The questions are typically a bit longer than those, on average. Question 6 is a pretty good example. On the MCAT, you sit there and agonize about every question and every word of the passage. When you take an NBME test, it's a pattern recognition game, and usually the answer jumps out because you've seen the scenario before. If not you make an educated guess and move on. It's a different type test, but not necessarily harder; you just have to put in the time to do the reps.
 
the OP is a pre-med. if they posted this in allo, it would be moved here anyway.

enough med students frequent pre-allo that these questions are always answered. 😉

lololol not what I meant at all. I meant that this is such a typical preallo post about med school so it's funny.
 
From what my students tell me about Step I, it's a novella-length story, with the question really in the last sentence. As a general rule, the Boards like to assess your ability to engage in 2nd and 3rd order reasoning, not merely memorize factoids.

I just looked at the below pdf and am wondering if this is the typical question length for USMLE Step1? Are there also long passages like on the MCAT, or is it all pretty much like this?

http://www.kaptestglobal.com/sites/kaptestglobal.com/files/usmle-practice-questions_0.pdf
 
From what my students tell me about Step I, it's a novella-length story, with the question really in the last sentence. As a general rule, the Boards like to assess your ability to engage in 2nd and 3rd order reasoning, not merely memorize factoids.
I pretty much ignored the first 2-3 sentences. They're usually pretty worthless, except for things like patient age and location, if they give it.

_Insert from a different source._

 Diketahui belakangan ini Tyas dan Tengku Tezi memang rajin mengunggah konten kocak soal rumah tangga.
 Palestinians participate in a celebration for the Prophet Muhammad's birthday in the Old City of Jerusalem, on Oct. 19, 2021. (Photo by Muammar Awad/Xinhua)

They can give you this long spiel about how the patient was an orphan and had 3 children with diabetes and works in a ship yard and then the question is actually about the mechanism of action of a drug.
 
I pretty much ignored the first 2-3 sentences. They're usually pretty worthless, except for things like patient age and location, if they give it.

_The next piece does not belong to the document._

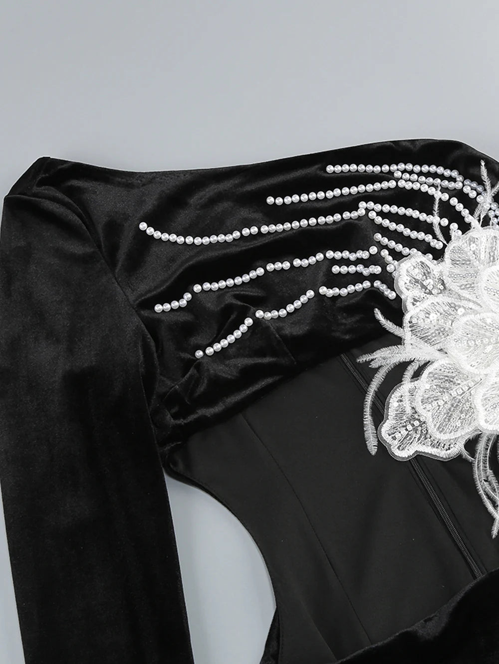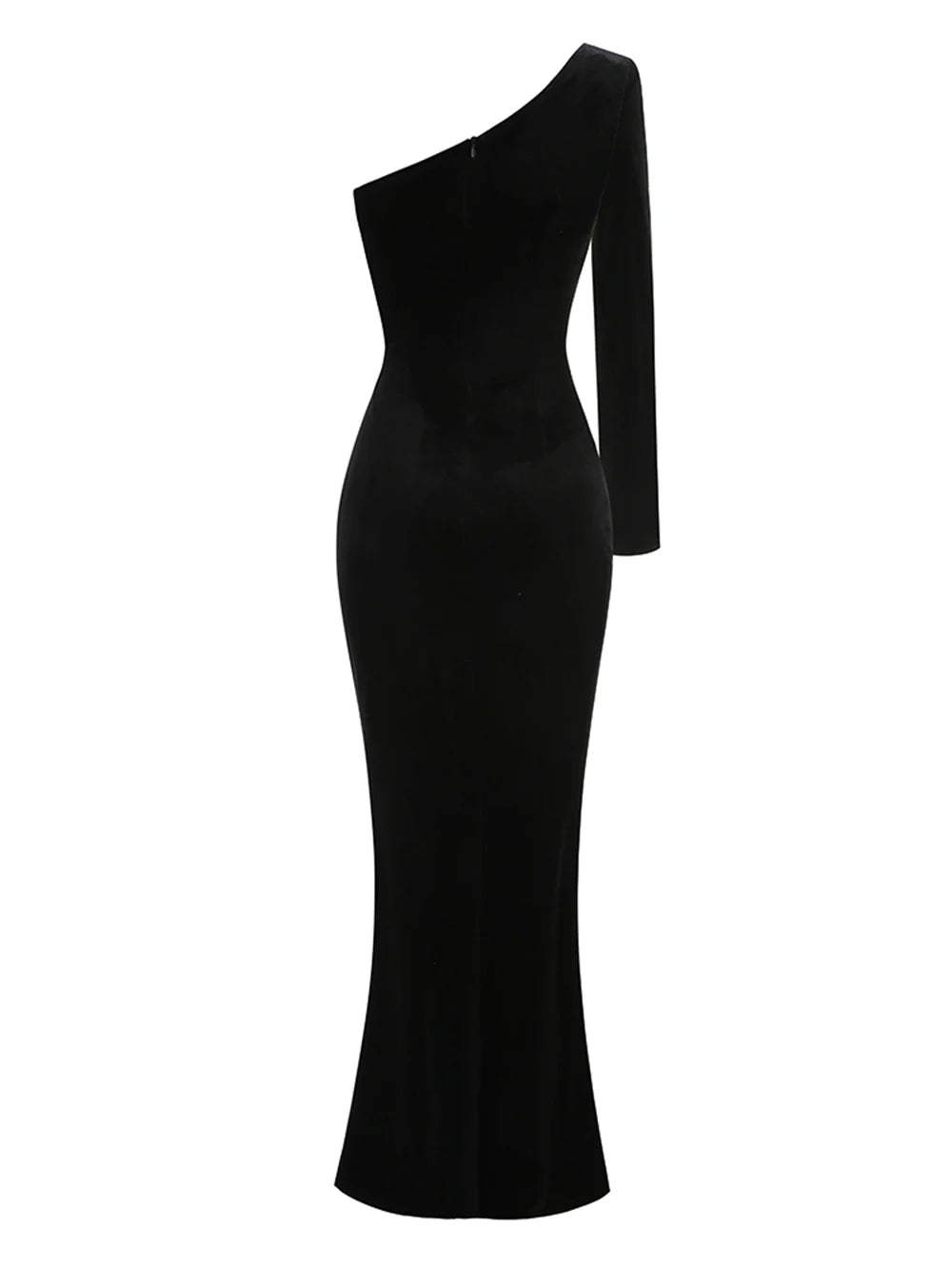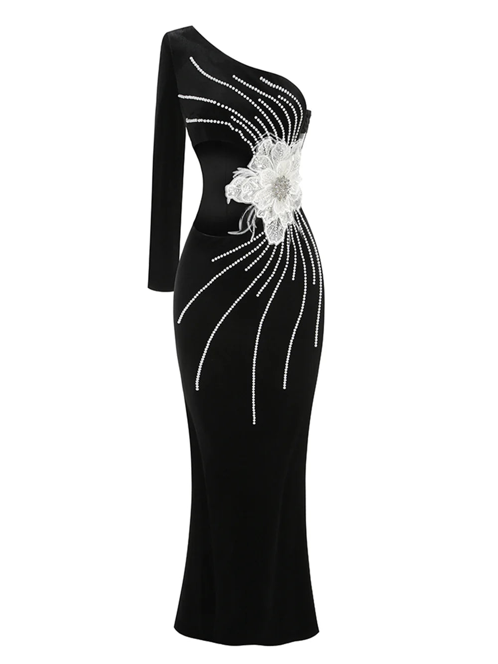 One Shoulder Long Sleeve 3D Flower Maxi Dress

They can give you this long spiel about how the patient was an orphan and had 3 children with diabetes and works in a ship yard and then the question is actually about the mechanism of action of a drug.

Preach.

SFO-Preaching-at-Bellevue-raw.jpg


Most of the questions have fluff you need to sort out. There are a lot of questions, time management is still pretty important. Near the end of the test when you start getting fatigued it can be easily to lose time and stay on a question too long.

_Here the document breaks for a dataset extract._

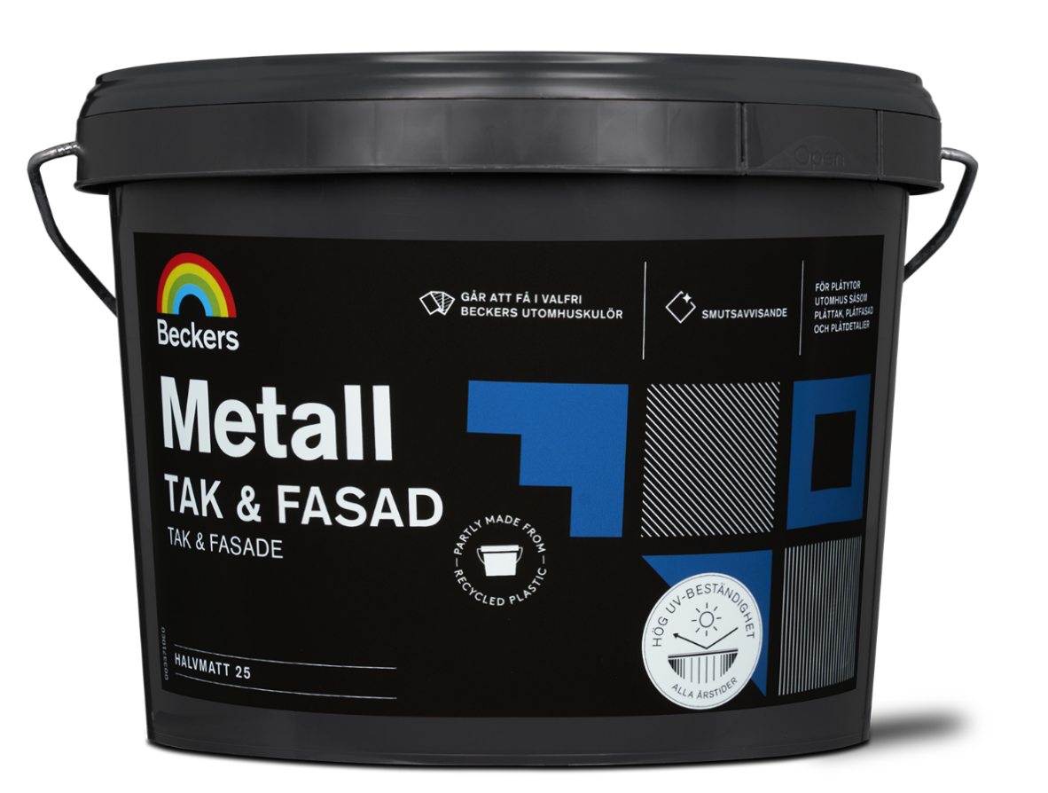 Metall Tak & Fasad: Semi-matt waterborne metal topcoat that is used on sheet metal roofs, sheet metal facades and sheet metal details. Intended for previously painted or primed surfaces. Has excellent UV-resistance and provides durable result.

And also, there are a good deal of buzz words used.
 
Meh, I found that I processed the question quicker if I just read straight through and predicted the answer. I always had at least 15 minutes (most of the time about 20 minutes) at the end of each 46 question block to go back to any questions I was unsure of. So I guess there are multiple strategies to answering the questions in given time, mine was swift triage.
 
Meh, I found that I processed the question quicker if I just read straight through and predicted the answer. I always had at least 15 minutes (most of the time about 20 minutes) at the end of each 46 question block to go back to any questions I was unsure of. So I guess there are multiple strategies to answering the questions in given time, mine was swift triage.

Ditto. Whenever I tried to skip right to the question without reading the passage first, I invariably missed an important piece of information that you needed to appropriately answer the question.
 
Yeah tons of different strategies. I always read the last sentence first, then skim the passage for relevant info and buzzwords.

I'm sure by the time these pre-allo folk get to nbme testing they'll also have their own (probably even better) way of doing things.